The VVP Suite is a set of IPs for video, image, and vision processing. The VVP IPs transport video using the Altera® FPGA streaming video protocol [5], built on top of the industry-standard AXI4-Stream protocol, with extensions for transporting control and video data.

The VVP Suite features IPs that range from simple building block functions such as clocked video and genlock, color space conversion, and mixer to sophisticated processing functions that can implement programmable scaling, arbitrary non-linear distortion correction, 3D look-up table, adaptive tone mapping, and many more. Specifically, for applications where clocked video interfaces, video synchronization, or low latency features are required, the VVP IP core library provides a subset of IPs, namely the Clocked Video and Genlock (CVG) IP cores. The CVG is a collection of IP cores derived from the VVP IP library that serves two purposes:

- To facilitate transferring video data between timingaware (full-raster) clocked video and timing-agnostic (active video) video streaming protocols [5].
- To facilitate synchronization between video input and output pixel clocks and start of frame, based on video timing markers derived from video connectivity IP cores.
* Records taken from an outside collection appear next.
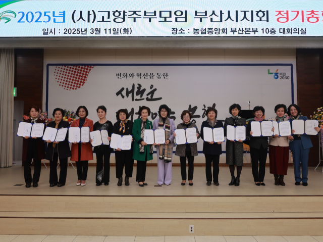 고향주부모임 부산시지회(시지회장 심정옥)는 지난 11일 농협부산본부(본부장 이수철)에서 열린 정기총회에서 지역 학생들에게 장학금을 전달했다.
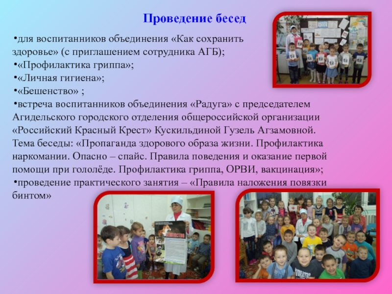 встреча воспитанников объединения «Радуга» с председателем Агидельского городского отделения общероссийской организации «Российский Красный Крест» Кускильдиной Гузель Агзамовной. Тема беседы: «Пропаганда здорового образа жизни. Профилактика наркомании. Опасно – спайс. Правила поведения и оказание первой помощи при гололёде. Профилактика гриппа, ОРВИ, вакцинация»;
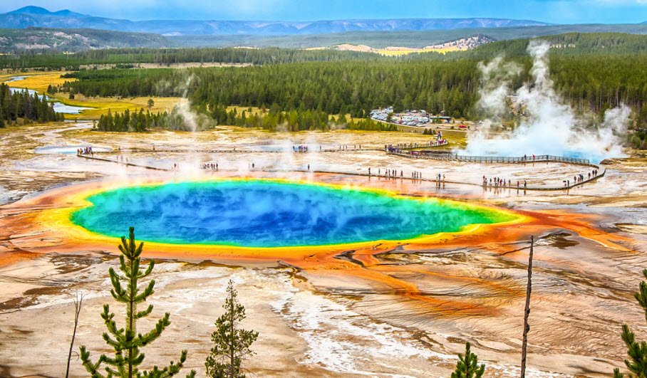 Visitors usually spend a few hours to a full day exploring Grand Prismatic Spring.
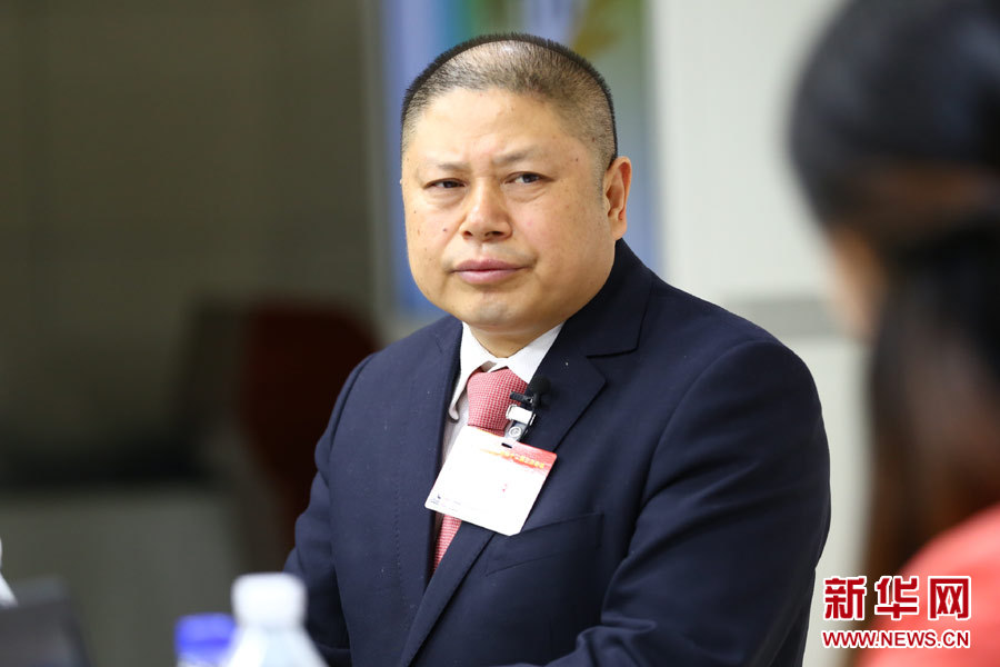 2015年3月12日,全国政协委员、河南省工商联副主席、河南弘昌集团、河南龙潭信阳毛尖集团董事长陈世强做客新华会客厅。图为陈世强与主持人交谈。新华网 李江 摄
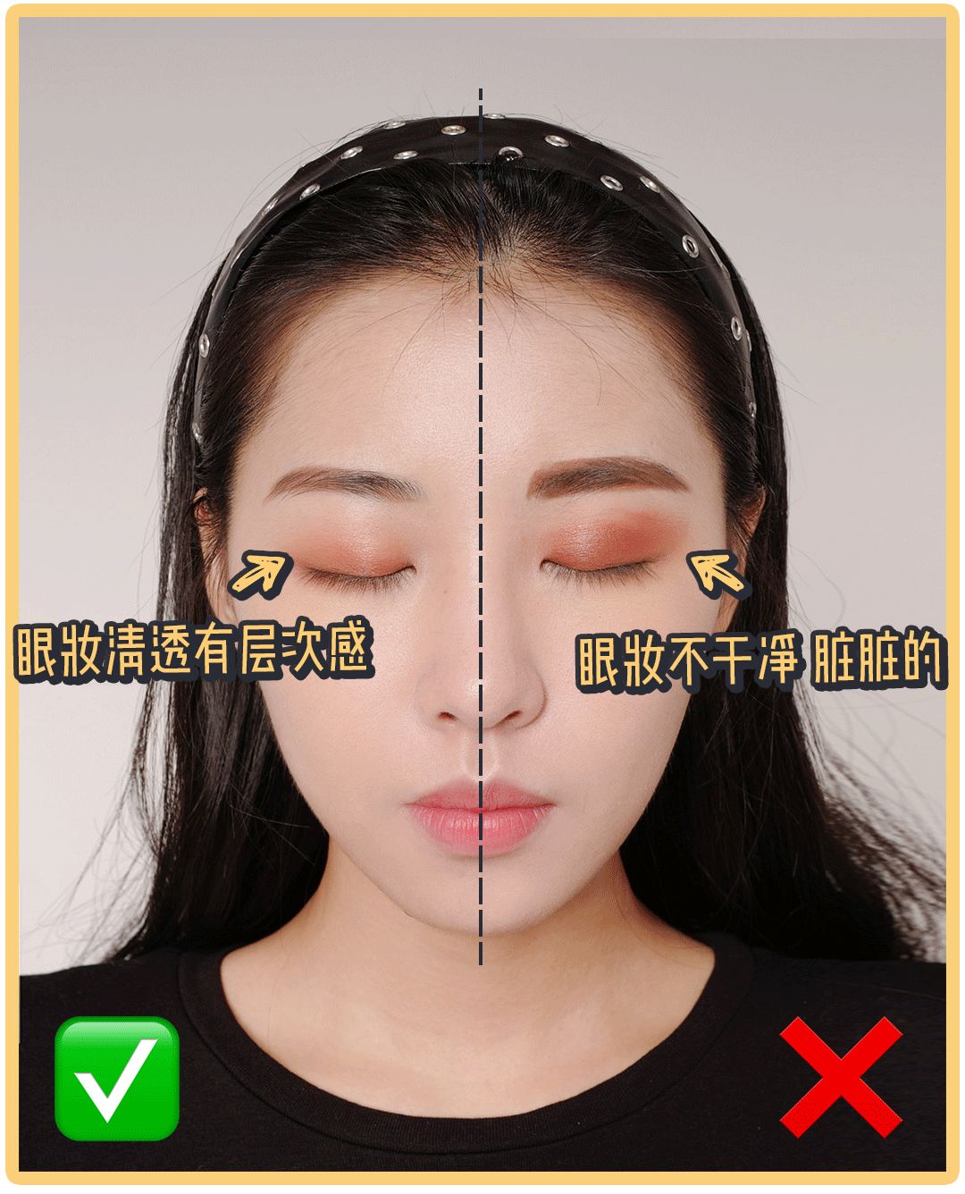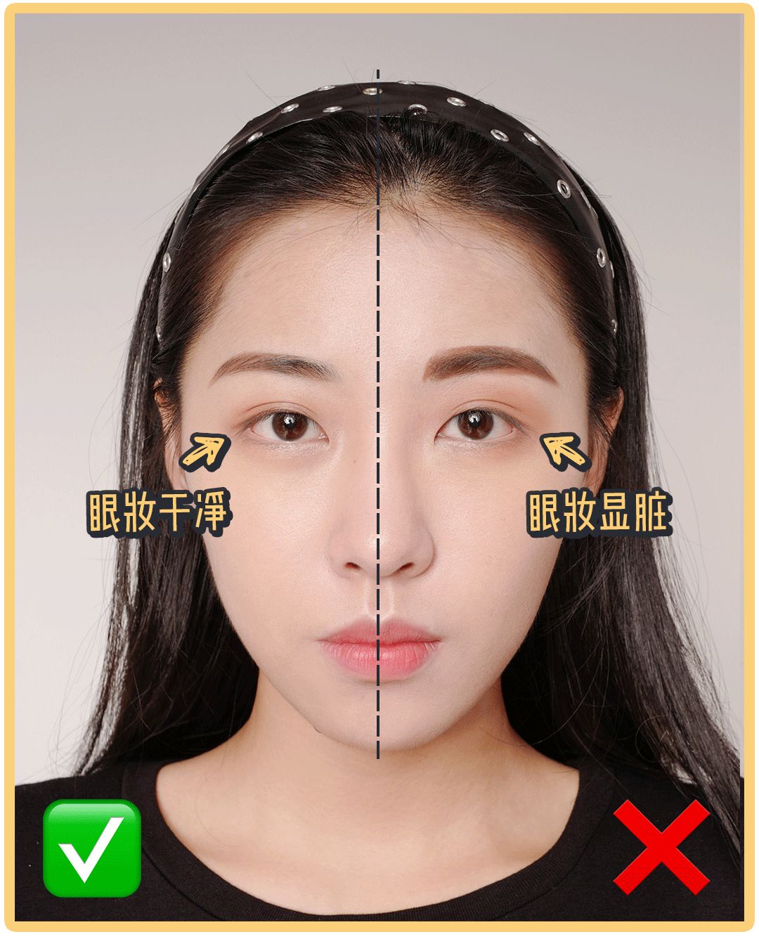 两边的眼妆涂抹的范围不同,对比起来是不是左边的更干净舒服。?
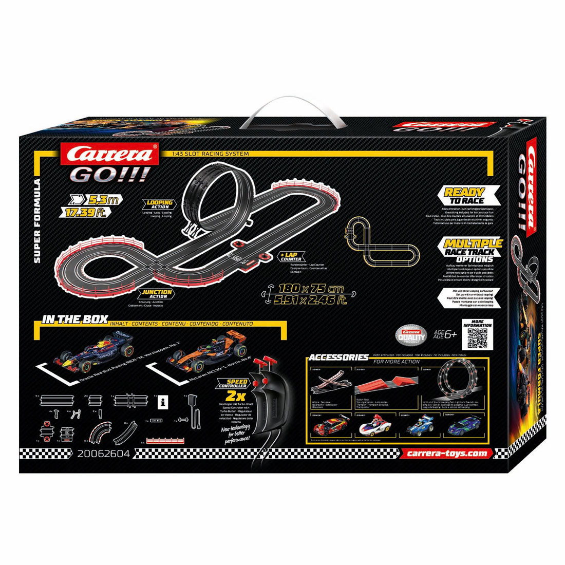 Mit der Carrera GO!!! Super Formula™ liefern sich Max Verstappen im Oracle Red Bull Racing RB21 „M. Verstappen, Nr. 1“ und Lando Norris im McLaren MCL39 „L. Norris, Nr. 4“ packende Duelle. Auf der 5,3 Meter langen Rennstrecke mit schnellen Geraden, spektakulären Kurven und einem Looping erleben junge Fahrer das Gefühl, Teil der Formel-1-Welt zu sein. Die detailgetreuen Fahrzeuge wecken echtes Rennfieber, während spannende Kopf-an-Kopf-Rennen und Überholmanöver den Adrenalinspiegel in die Höhe treiben. Die Überlegenheit eines Weltmeisters trifft auf den Kampfgeist eines aufstrebenden Talents – dieses Set bringt Geschwindigkeit, Action und puren Wettkampfgeist auf die Rennstrecke. Perfekt für alle, die den Nervenkitzel der Formel 1 lieben!
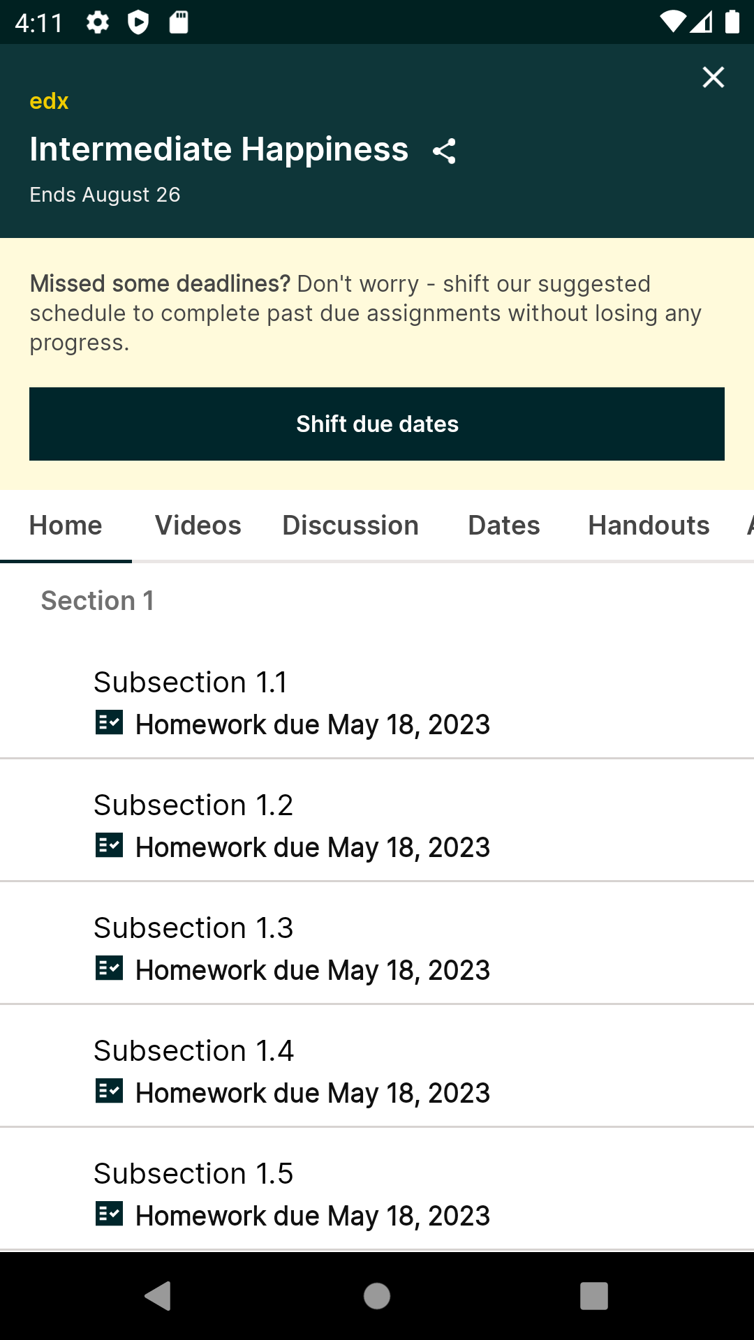Learners will see a course dates shift banner in the course header when the server returns that dates needs shifting, similar to behavior in the web browser.
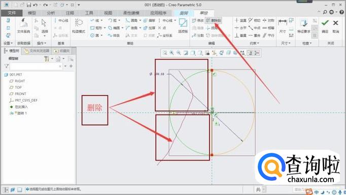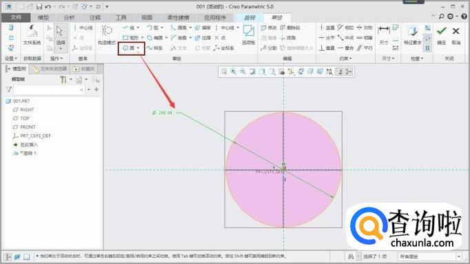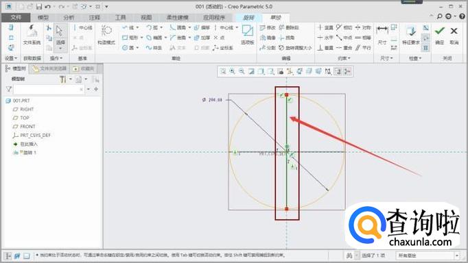 点击“圆”的指令,以坐标轴原点为圆心在草绘页面画一个200MM的圆,如图所示。

The following core functions are needed to implement such functionality in a video processing system on FPGA:

- Clocked Video Input (CVI) to transfer video data between full-raster and active data streaming interfaces. The IP provides a seamless conversion by removing video timing data from a full-raster bus and leaving just the active pixel data in a streaming video format. Typically, the IP is a bridge to transfer data from video connectivity to the video processing pipeline.
- Clocked Video Output (CVO) to merge active pixel data from a streaming video bus with the real-time video timing signals from a reference full-raster bus. The output is a streaming video full-raster bus that can be connected to a video connectivity IP.
- Genlock Controller to provide a control loop system that matches the voltage-controlled crystal oscillator (VCXO) frequency of the selected reference input pixel clock. This IP can be used in an FPGA to support external VCXO tracking to a reference input pixel clock on a video pipeline in genlock mode, avoiding drifting or rolling effects on the output video stream.
- Genlock Signal Router to extract and route multichannel genlock strobes. This IP passes genlock timing signals to internal or external FPGA multi-rate pixel clock generators. The IP also generates video synchronization signals based on video timing markers derived from the video connectivity IPs.
- Video Timing Generator to generate real-time timing markers signals (for example, Fsync, Hsync, Vsync) that define a full-raster video. The IP can create any video raster, including interlaced and progressive standards.
- VCXO-less Controller to generate an output pixel clock synchronized (i.e., genlocked) with an input pixel clock by using only internal FPGA resources, specifically by utilizing transmitter transceiver PHY with dynamic

reconfiguration and fractional PLL (fPLL) capabilities. The IP provides a phase frequency detector (PFD) and a proportional integral and derivative (PID) controller to measure differences between the input and output pixel clocks and to generate a control word that allows tracking and locking the phase of the output pixel clock relative to the input pixel clock.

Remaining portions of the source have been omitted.